各種 Data Observability 定義

下面我整理了幾個不同的定義來源:

  1. Monte Carlo Data: 如上一篇文章提過的,作為 Data Observability 主要的推廣廠商之一,Monte Carlo Data 當然有定義什麼是 Data Observability。

    “Data observability provides full visibility into the health of your data and systems so you are the first to know when the data is wrong, what broke, and how to fix it.”

    (定義出處:https://www.montecarlodata.com/blog-what-is-data-observability/

  2. IBM

    同樣上篇文章提到,跨足全球的 IT 顧問及解決方案巨頭 IBM,也沒放過 Data Observability,他們提出的定義如下。

    “Data observability refers to the practice of monitoring, managing and maintaining data in a way that ensures its quality, availability and reliability across various processes, systems and pipelines within an organization.”

    (定義出處:https://www.ibm.com/think/topics/data-observability

  3. Dynatrace

    專注在提供 Observability 雲端供應商 Dynatrace,也有提供他們對於 Data observability 的看法。

    “Data observability is a discipline that aims to address the needs of organizations to ensure data availability, reliability, and quality throughout the data lifecycle—from ingestion to analytics and automation. Ensuring data trustworthiness and security can pose significant hurdles for organizations that rely on data to inform business and product strategies, optimize and automate processes, and drive continuous improvements.”

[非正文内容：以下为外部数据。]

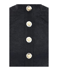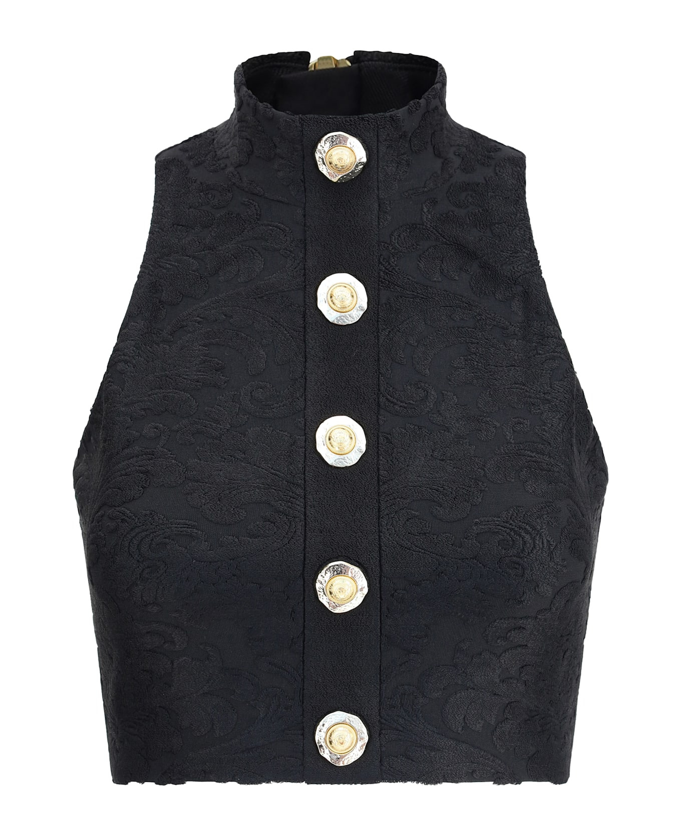 Balmain's crop top is a striking garment defined by an american neckline and a rich baroque pattern. bare shoulders enhance the bust line, while decorative metal "gold and gold coin" buttons on the front add an iconic touch. the back closure is completed with an exposed metal zipper with balmain paris engraved slider, a detail that reflects the maison's bold elegance. Composition: 65% % Viscose, 35% % Polyester Made in: France Model number: FF1AB495JK650PA

    (定義出處:https://www.dynatrace.com/knowledge-base/data-observability/

  4. Splunk

    另一個 Data 圈的老牌供應商 Splunk,也有自己的定義。

    “Data observability is the term for your ability to fully understand, monitor, and manage the quality, reliability, and performance of data across various data pipelines. Observability provides a transparent view of data flows to ensure their accuracy and validity.

    Comprehensively speaking, data observability is a proactive approach to data management that allows businesses to gain insights and recognize issues in their data ecosystem. This can be done in real-time, contributing to enhanced decision-making.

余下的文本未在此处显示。